Your instructions:
All lines from the one that contains "Avalon Stacking Arm" to the end of the data must be retyped exactly. Pictures are not retyped.

Given information:
== Segment start ==

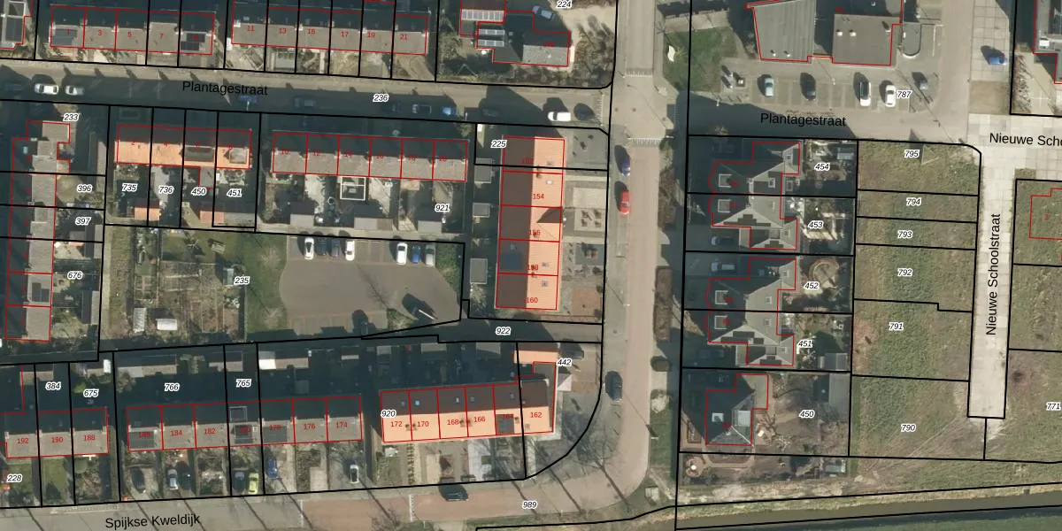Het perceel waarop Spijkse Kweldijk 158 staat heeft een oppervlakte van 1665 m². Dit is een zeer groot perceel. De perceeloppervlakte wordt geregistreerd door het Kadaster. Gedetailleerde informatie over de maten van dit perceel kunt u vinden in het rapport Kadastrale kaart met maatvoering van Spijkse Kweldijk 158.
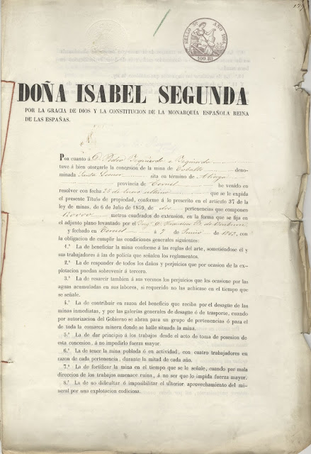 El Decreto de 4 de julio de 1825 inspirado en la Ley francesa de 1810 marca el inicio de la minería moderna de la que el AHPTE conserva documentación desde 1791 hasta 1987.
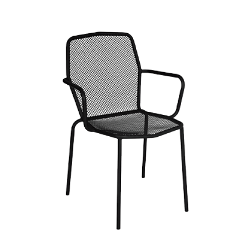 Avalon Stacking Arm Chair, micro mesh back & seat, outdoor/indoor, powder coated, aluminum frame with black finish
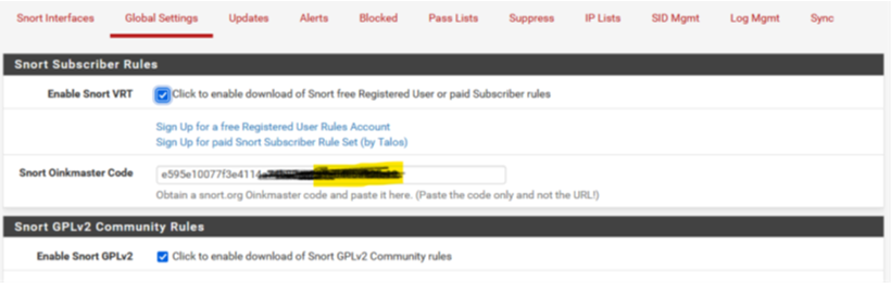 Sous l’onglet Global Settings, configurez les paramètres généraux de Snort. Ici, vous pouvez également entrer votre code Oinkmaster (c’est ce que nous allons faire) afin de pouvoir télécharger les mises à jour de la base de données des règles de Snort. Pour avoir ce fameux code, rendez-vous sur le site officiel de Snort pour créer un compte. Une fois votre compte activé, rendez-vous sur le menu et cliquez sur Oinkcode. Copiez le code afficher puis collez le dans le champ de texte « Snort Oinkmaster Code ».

== Segment end ==

Solution:
 Avalon Stacking Arm Chair, micro mesh back & seat, outdoor/indoor, powder coated, aluminum frame with black finish
 Sous l’onglet Global Settings, configurez les paramètres généraux de Snort. Ici, vous pouvez également entrer votre code Oinkmaster (c’est ce que nous allons faire) afin de pouvoir télécharger les mises à jour de la base de données des règles de Snort. Pour avoir ce fameux code, rendez-vous sur le site officiel de Snort pour créer un compte. Une fois votre compte activé, rendez-vous sur le menu et cliquez sur Oinkcode. Copiez le code afficher puis collez le dans le champ de texte « Snort Oinkmaster Code ».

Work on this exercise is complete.